For those of us who have recovered from COVID-19, the failure of those making policy recommendations to acknowledge and account for the immunity developed naturally following a COVID-19 infection is beyond frustrating. At one point in an e-mail exchange, Dr. Anthony Fauci noted that because COVID-19 is an RNA virus, the development of natural immunity was probable. At the time, he also said this would need to be confirmed.
Several studies have now shown that this immunity exists. In November of 2020, The New York Times interviewed several researchers who explained, based on their findings, that natural immunity did indeed occur, and there were indications it may be long-lasting:
“That amount of [immune] memory would likely prevent the vast majority of people from getting hospitalized disease, severe disease, for many years,” said Shane Crotty, a virologist at the La Jolla Institute of Immunology who co-led the new study.
The findings are likely to come as a relief to experts worried that immunity to the virus might be short-lived, and that vaccines might have to be administered repeatedly to keep the pandemic under control.
This research finding followed the knowledge that COVID-19’s first cousin, SARS-CoV-1, elicited durable immunity for at least 17 years and provided protection against a new strain of the virus. Additionally, they found that individuals never infected or exposed to either SARS virus demonstrated an immune response to the N-protein in both viruses based on exposure to other betacoronaviruses that circulate, causing cold-like symptoms:
Thus, infection with betacoronaviruses induces multi-specific and long-lasting T cell immunity against the structural N protein.

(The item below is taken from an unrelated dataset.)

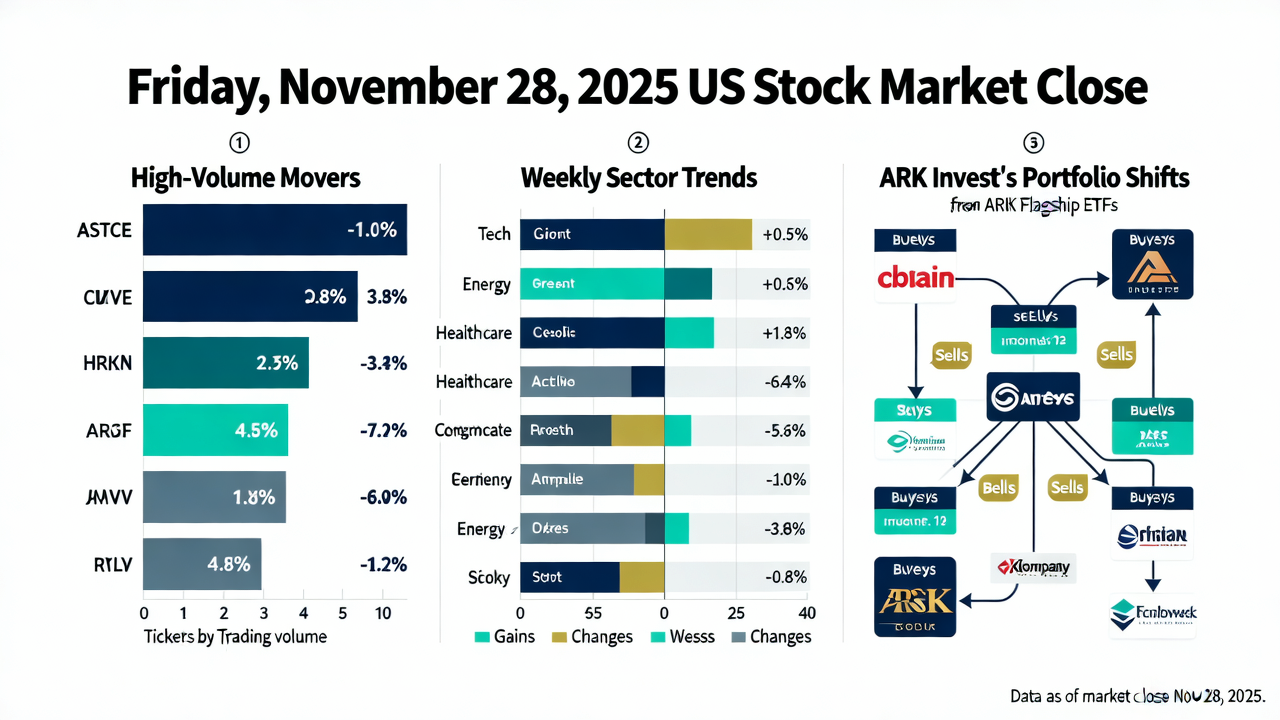 On Friday, November 28, 2025, US equities closed with notable volume and volatility in key AI and tech stocks. The week saw a broad market rebound led by AI-enabled sectors despite November’s overall modest losses. High-profile contracts and earnings shaped sentiments in chipmakers and AI infrastructure stocks. Meanwhile, Cathie Wood’s ARK Invest reduced holdings in AMD, reflecting sector rotation. This report analyzes daily movers, weekly sector performance, and ARK’s portfolio adjustments to gauge market trajectory.

Understanding how pre-existing N- and ORF1-specific T cells that are present in the general population affect the susceptibility to and pathogenesis of SARS-CoV-2 infection is important for the management of the current COVID-19 pandemic.
Instead of conducting studies to determine whether this was the case with COVID, the global health bureaucracy recommended draconian lockdowns and other mitigation methods. A logical deduction is that this type of T cell reactivity was widespread, given there were an extraordinary number of mild cases and positive tests in asymptomatic people. The lack of attention and study following these findings means we will never know.

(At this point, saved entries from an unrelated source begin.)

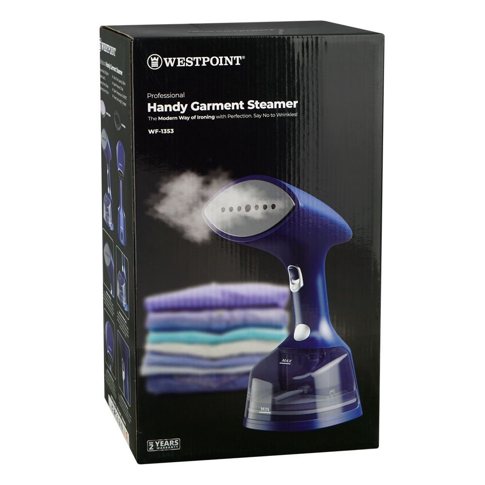 The Westpoint WF-1353 Professional Handy Garment Steamer brings you the modern way of ironing, making clothes fresh, crisp, and wrinkle-free in minutes. With a powerful 1500W motor, it delivers a steam rate of 28±3g/min at a high temperature of 140–180°C, ensuring effective steaming for all fabric types. Its 2 steam levels, 300ml water tank, and fast heating time of just 25 seconds offer convenience and efficiency. Designed with leak water protection, 1.0 bar steam pressure, and a 2-meter cord, this garment steamer provides safe, quick, and hassle-free garment care at home.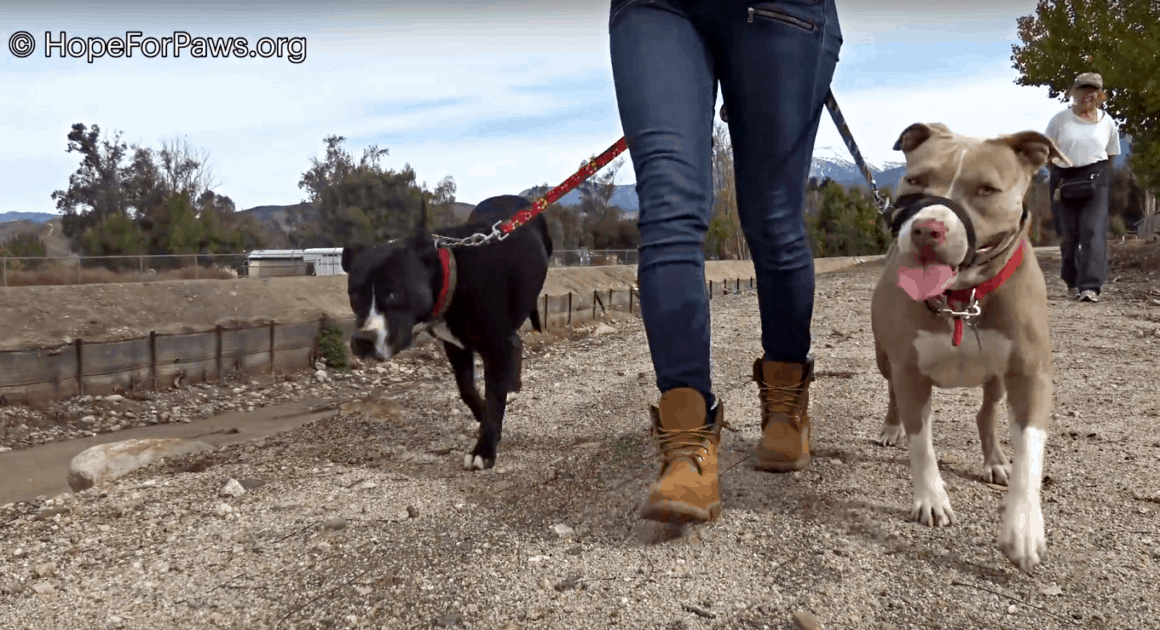 Hope For Paws received a call from a man regarding two dogs who had been homeless for two years in Los Angeles, California.
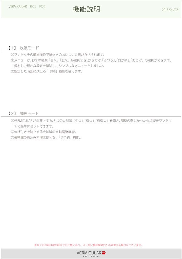 ライスポットの企画書は、商品のコンセプト説明から始まる。「最高の炊飯器でありかつ調理器具であること」がつづられている。

Several recent studies have confirmed that recovered COVID-19 patients can expect long-term immunity. One current report states:
Many people who have been infected with SARS-CoV-2 will probably make antibodies against the virus for most of their lives. So, suggest researchers who have identified long-lived antibody-producing cells in the bone marrow of people who have recovered from COVID-191.

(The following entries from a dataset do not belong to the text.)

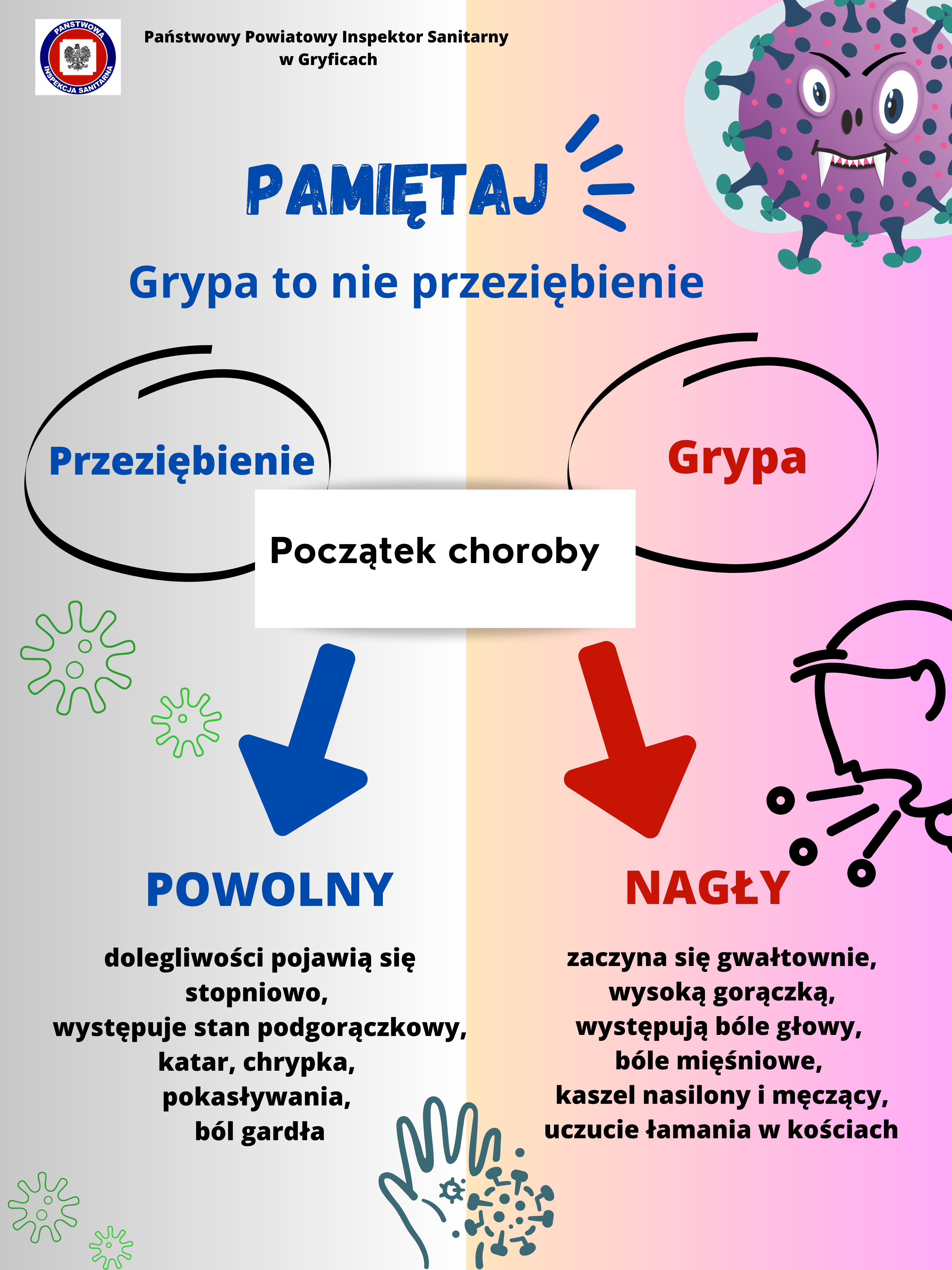 Pamiętaj ! Grypa to nie przeziębienie.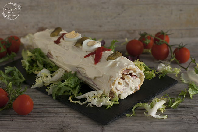 Otra receta más para las próximas fiestas navideñas. Un pionono inglés o brazo de gitano salado. Nunca lo había preparado en casa pero si que lo había tomado fuera. Es ideal para ponerlo como entrante en nuestras comidas navideñas, da mucho de si y es muy fácil de hacer. El contraste entre el bizcocho dulce y el relleno salado es muy bueno, y podéis ponerle el relleno que más os guste también. La receta la vi Mis Thermorecetas.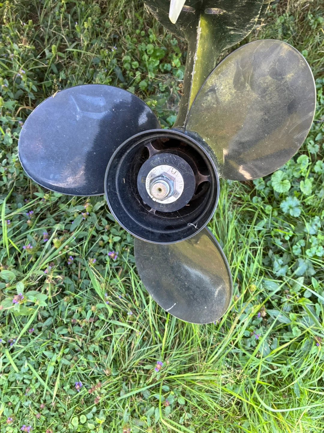 Selling a used boat propeller. It shows some signs of wear but is still functional. Please see photos for condition.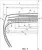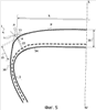 На фиг.5 представлен схематический вид в продольном разрезе пневматической шины 1, на котором показана первая касательная 7 к поверхности наружного в осевом направлении конца беговой дорожки протектора 8. При этом поверхность беговой дорожки протектора определяется наружной в радиальном направлении поверхностью или вершиной рельефного рисунка протектора, не показанного на приведенных в приложении фигурах. Вторая касательная 9 к поверхности наружного в радиальном направлении конца боковины 10 пересекает упомянутую первую касательную 7 в точке 11. Ортогональная проекция этой точки на наружную поверхность пневматической шины определяет конец плечевой зоны 6 пневматической шины.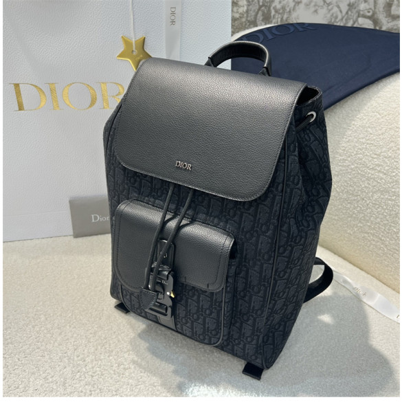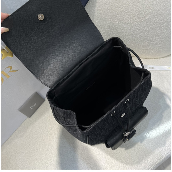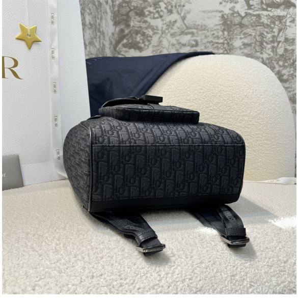 디올 새들 플랩 백팩 블랙 오블리크 자카드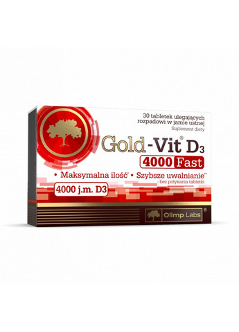 OLIMP Gold-Vit D3 4000 fast - добавка холекальциферолу (вітаміну D3) у формі таблеток, що легко розсмоктуються. Розроблена спеціально для тих, хто не любить ковтати пігулки та капсули. Особливості: Допомагає підтримувати здоров `я кісток та зубів Сприяє підтримці нормального рівня кальцію в крові Підтримує правильне засвоєння та використання кальцію та фосфору Позитивно впливає на правильне функціонування м `язів Допомагає у правильному функціонуванні імунної системи Вітамін D3 забезпечує правильне засвоєння кальцію, зміцнює кістки та зуби, підвищує імунітет. Також він покращує скорочуваність м `язів та допомагає підтримувати правильне співвідношення кальцію та фосфору в крові. Як приймати: Приймати 1/2 таблетки один раз на день під час їди, після їди чи інакше після консультації з лікарем. Не вживайте інших препаратів, що містять вітамін D. Вміст елементів у 1й порції 1/2 таблетки Вітамін D (D3) 50 мкг Інгредієнти Наповнювач – маніт; холекальциферол – віт. D, носій - полівінілполіпіролідон; наповнювач – целюлоза; регулятор кислотності – лимонна кислота; наповнювач – сорбіти; ароматизатори, антинаглядачі - магнієві солі жирних кислот, діоксид кремнію; глазувальник - сополімер полівінілпіролідону та вінілацетату; підсолоджувач - сукралоза Виробник: Olimp; Форма випуску: Таблетки; Кількість в упаковці, шт: 90; Кількість порцій, шт: 360; Зміст порції: 1/2 таблетки; Відокремлені вітаміни: Вітамін D; Пол: Жіночий, Чоловічий; Вікова категорія: Дорослі; Країна виробника: Польща; Призначення: Для імунної системи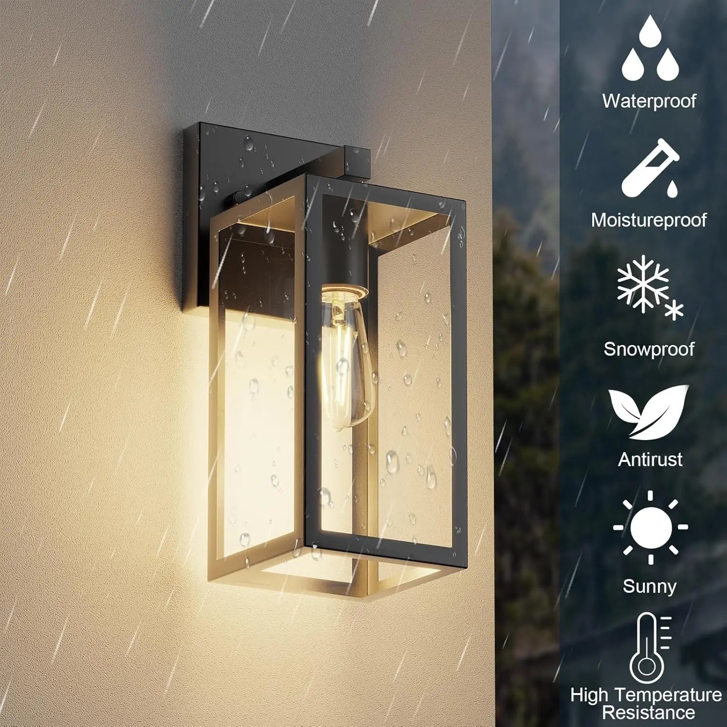 - 【High-Strength Transparent Glass】Unlike ordinary glass wall lights, our outdoor lights for house are designed with 4 high-strength transparent tempered glass panels, which are not easy to break, stable, and durable enough. It allows the exterior lighting fixtures to illuminate the house with bright light and also showcases your choice of bulbs to create a beautiful lighting ambiance.

The study provides evidence that immunity triggered by SARS-CoV-2 infection will be extraordinarily long-lasting. Adding to the good news, “the implications are that vaccines will have the same durable effect”, says Menno van Zelm, an immunologist at Monash University in Melbourne, Australia.
While the researchers couch this with the caution that COVID-19 variants may blunt some protective effects, that remains to be seen. The Cleveland Clinic just released the most extensive study of natural and vaccinated immunity to COVID-19, which included 52,238 employees:
Specifically, of all infections during the study period, 99.3% occurred in participants who were not infected previously and remained unvaccinated. In contrast, only 0.7% of infections occurred in participants who were not previously infected but were currently vaccinated.
Importantly, not a single incidence of SARS-CoV-2 infection was observed in previously infected participants with or without vaccination.
With further statistical analysis, it was observed that the COVID-19 vaccination significantly reduced the risk of SARS-CoV-2 infection in previously uninfected participants but not in previously infected participants.
Although the study did not directly estimate the duration of protection from natural infection, it was observed that previously infected participants remained protected against COVID-19 for at least 10 months after the symptom onset or a positive test result.
Logically, this finding makes complete sense. If natural immunity had not been adequate or durable before vaccine distribution, nursing homes would have been a revolving door of hospital admissions due to reinfections. Stories about reinfection and severe illness would have been all over the media. That never happened, and globally confirmed reinfections have been very rare.
As Greta Thunberg and Senator Rand Paul (R-Ky.) have noted, there are millions of vulnerable elderly in other countries without access to COVID-19 vaccines. Why is America holding doses with a short shelf life and encouraging the recovered to get vaccinated when this is the case?
A study in preprint asserts that recovered patients may even have better protection against COVID-19 variants than vaccinated individuals. A natural infection encourages the development of cells reactive to more parts of the virus than the vaccine does. It is a longitudinal analysis of patients in Washington State and Atlanta, Georgia:
The immune response to natural infection is highly likely to provide protective immunity even against the SARS-CoV-2 variants because the CD4+ and CD8+ T cell epitopes will be conserved. Thus, recovered COVID-19 patients are likely to better defend against the variants than persons who have not been infected but have been immunized with spike-containing vaccines only.
How much more data do Dr. Fauci and the CDC need before they stop ignoring natural immunity?